_What to work on:_
Your answer is to be the exact text of the lines from the one containing "M-44-XV. Геологическая карта" through the final line of the entries, restated in full, with pictures omitted.

_Data provided:_
[Start of section]

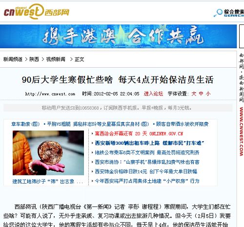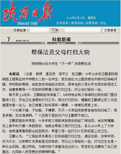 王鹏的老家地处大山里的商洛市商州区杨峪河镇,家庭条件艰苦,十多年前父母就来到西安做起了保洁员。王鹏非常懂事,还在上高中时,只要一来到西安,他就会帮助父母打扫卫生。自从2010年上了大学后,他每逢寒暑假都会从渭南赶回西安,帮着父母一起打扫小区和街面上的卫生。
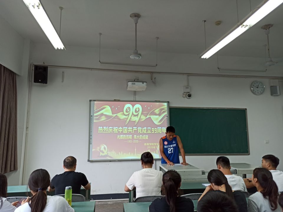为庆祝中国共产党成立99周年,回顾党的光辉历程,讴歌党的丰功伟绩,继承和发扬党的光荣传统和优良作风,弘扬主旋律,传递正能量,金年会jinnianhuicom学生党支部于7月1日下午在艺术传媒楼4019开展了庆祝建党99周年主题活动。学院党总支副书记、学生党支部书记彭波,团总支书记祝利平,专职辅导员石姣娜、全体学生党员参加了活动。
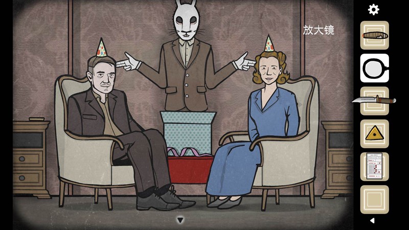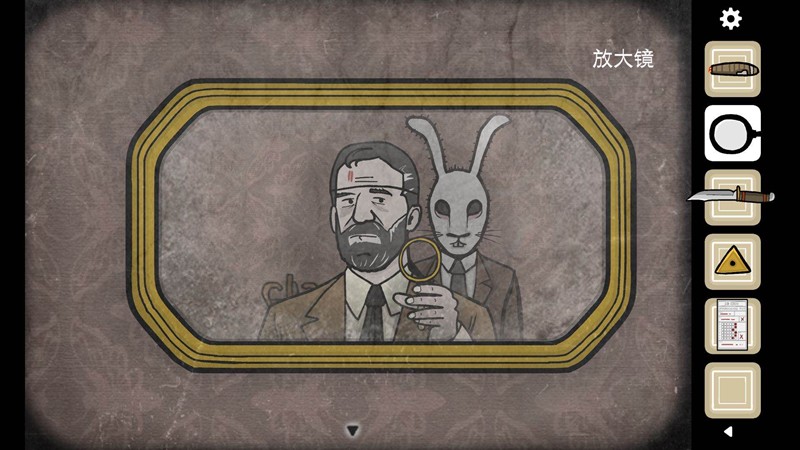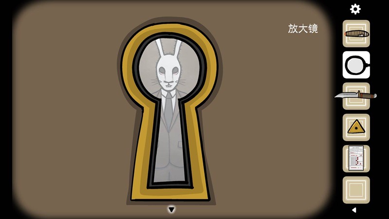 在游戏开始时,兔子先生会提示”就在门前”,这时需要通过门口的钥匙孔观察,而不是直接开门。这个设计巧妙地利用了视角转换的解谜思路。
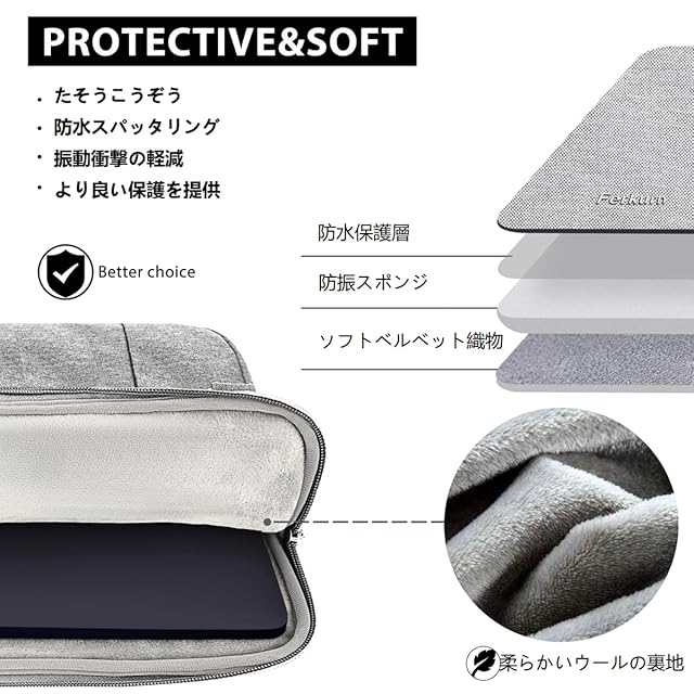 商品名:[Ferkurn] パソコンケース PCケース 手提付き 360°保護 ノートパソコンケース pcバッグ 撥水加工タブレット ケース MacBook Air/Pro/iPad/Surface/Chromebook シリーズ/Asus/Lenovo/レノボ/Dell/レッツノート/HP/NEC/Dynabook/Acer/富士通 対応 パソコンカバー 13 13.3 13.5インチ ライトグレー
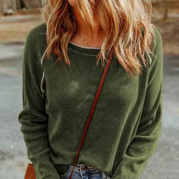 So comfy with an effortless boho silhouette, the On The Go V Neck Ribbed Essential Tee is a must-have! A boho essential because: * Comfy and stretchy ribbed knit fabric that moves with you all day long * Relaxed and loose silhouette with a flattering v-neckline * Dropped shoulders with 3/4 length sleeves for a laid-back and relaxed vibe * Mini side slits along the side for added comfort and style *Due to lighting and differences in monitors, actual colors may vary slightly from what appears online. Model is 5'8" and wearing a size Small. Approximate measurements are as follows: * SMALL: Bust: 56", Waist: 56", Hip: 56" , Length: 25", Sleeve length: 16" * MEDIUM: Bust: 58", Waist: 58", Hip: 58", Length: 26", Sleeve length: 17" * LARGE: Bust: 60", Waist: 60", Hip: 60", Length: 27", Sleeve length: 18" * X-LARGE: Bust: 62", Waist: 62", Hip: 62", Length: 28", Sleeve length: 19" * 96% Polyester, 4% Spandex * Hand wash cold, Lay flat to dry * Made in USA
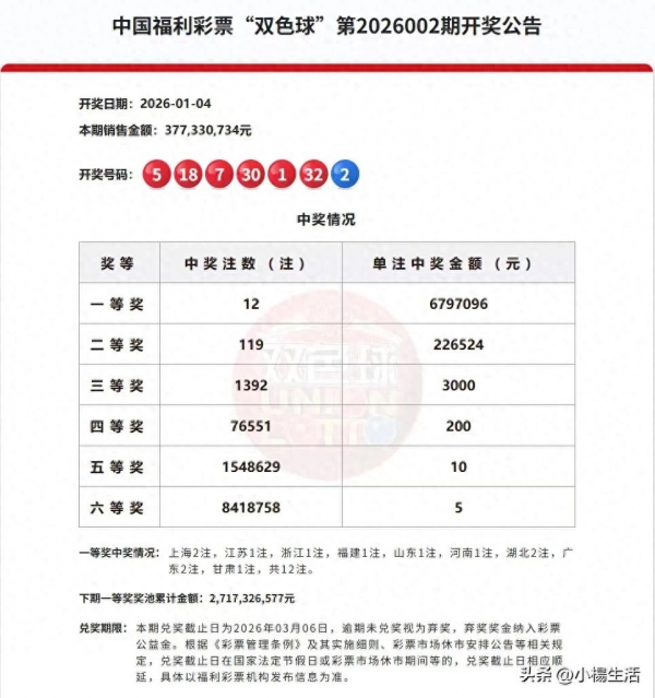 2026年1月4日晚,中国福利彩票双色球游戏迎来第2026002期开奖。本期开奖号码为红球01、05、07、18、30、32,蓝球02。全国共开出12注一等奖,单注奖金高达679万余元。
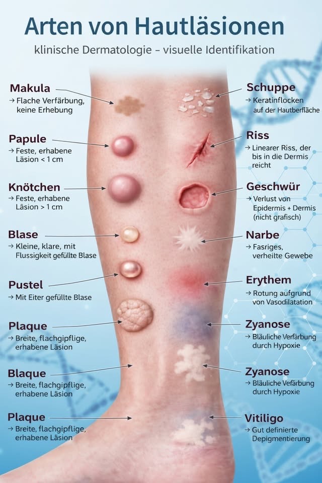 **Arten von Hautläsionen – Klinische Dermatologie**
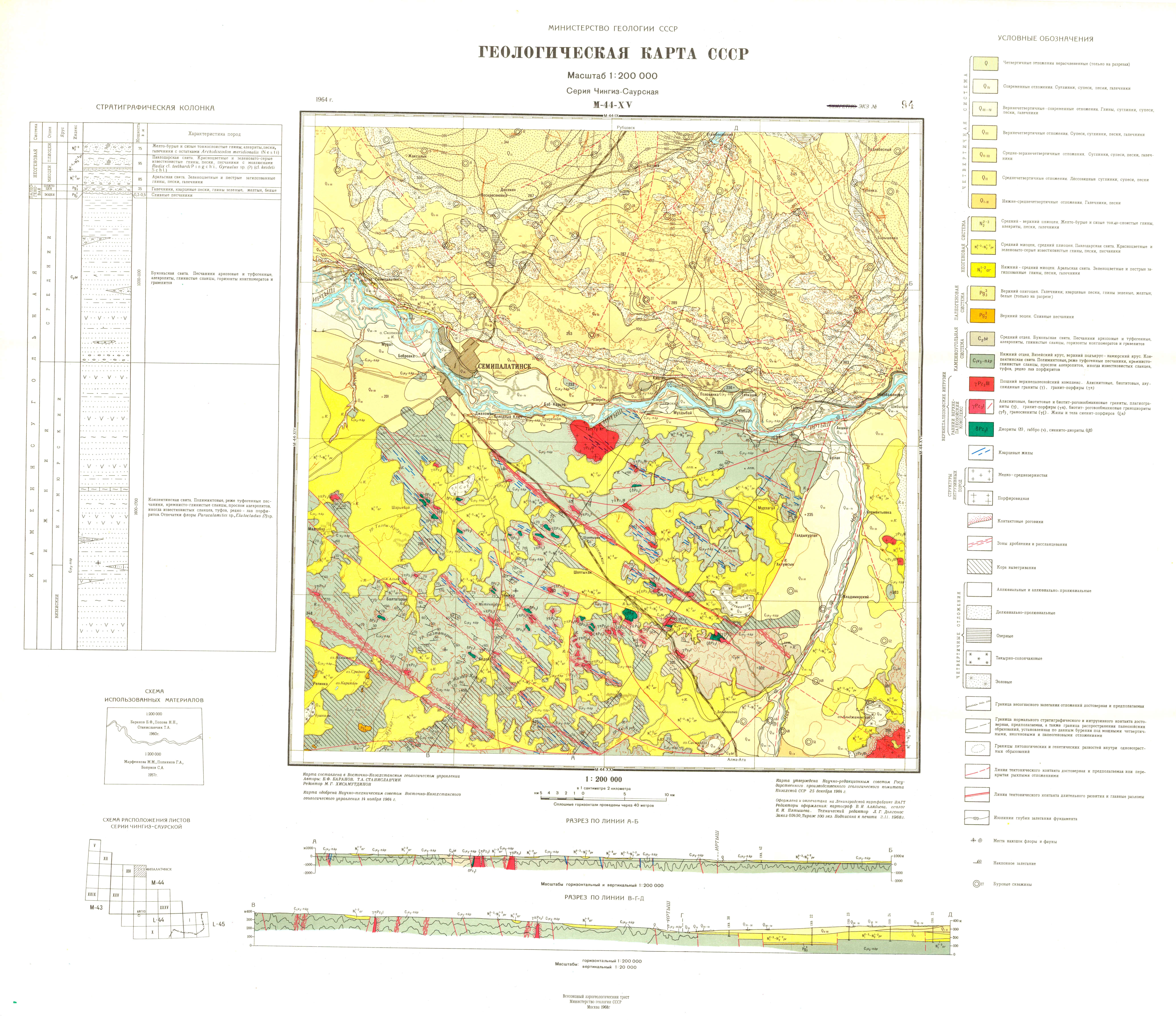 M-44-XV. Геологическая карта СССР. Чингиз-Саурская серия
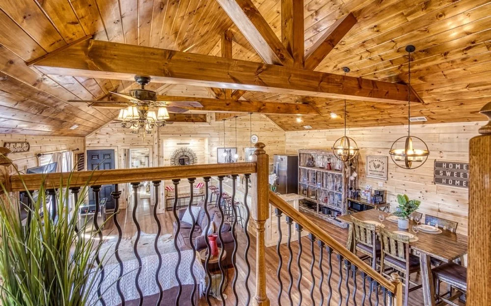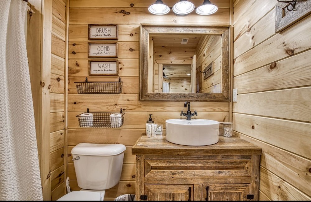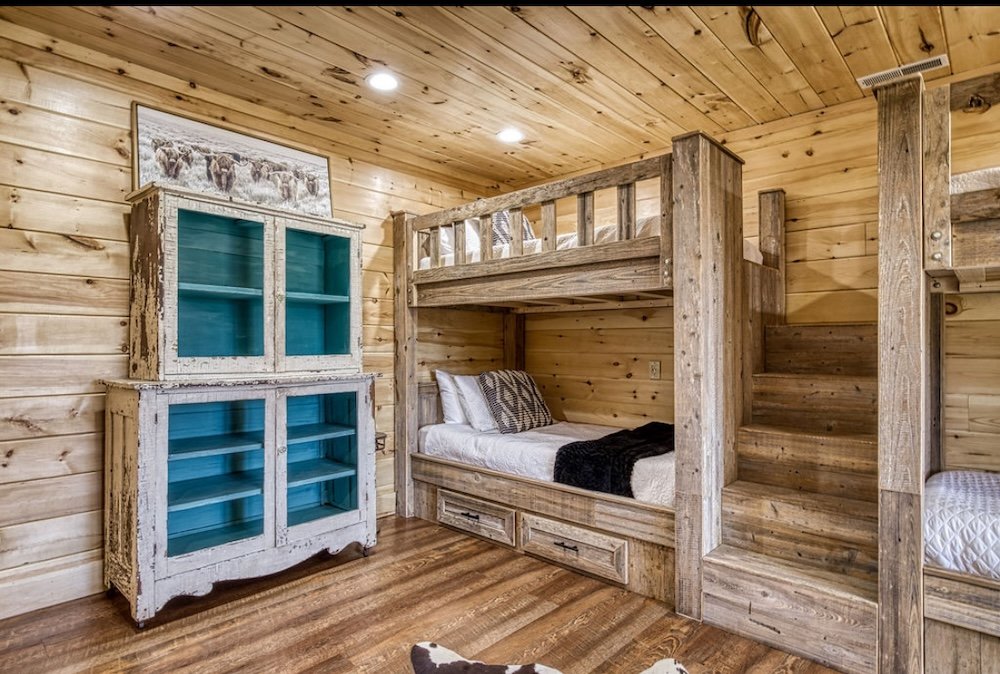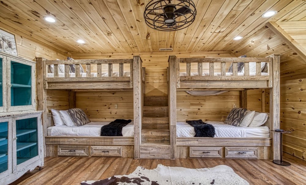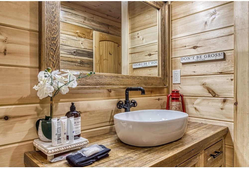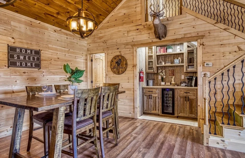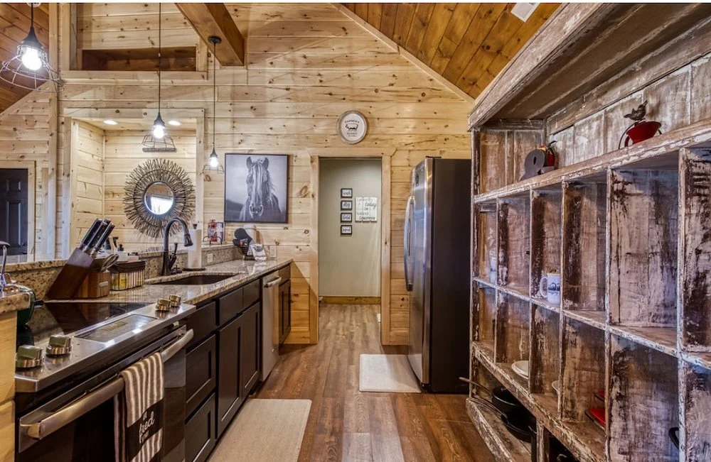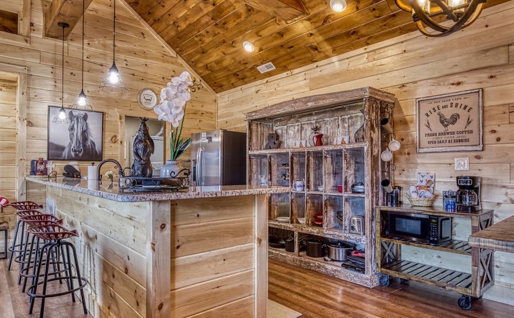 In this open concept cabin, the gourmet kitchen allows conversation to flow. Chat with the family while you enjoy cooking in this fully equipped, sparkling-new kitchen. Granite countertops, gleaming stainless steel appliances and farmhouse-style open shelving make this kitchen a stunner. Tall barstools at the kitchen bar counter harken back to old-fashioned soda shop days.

[End of section]

_Result of the task:_
 M-44-XV. Геологическая карта СССР. Чингиз-Саурская серия
 In this open concept cabin, the gourmet kitchen allows conversation to flow. Chat with the family while you enjoy cooking in this fully equipped, sparkling-new kitchen. Granite countertops, gleaming stainless steel appliances and farmhouse-style open shelving make this kitchen a stunner. Tall barstools at the kitchen bar counter harken back to old-fashioned soda shop days.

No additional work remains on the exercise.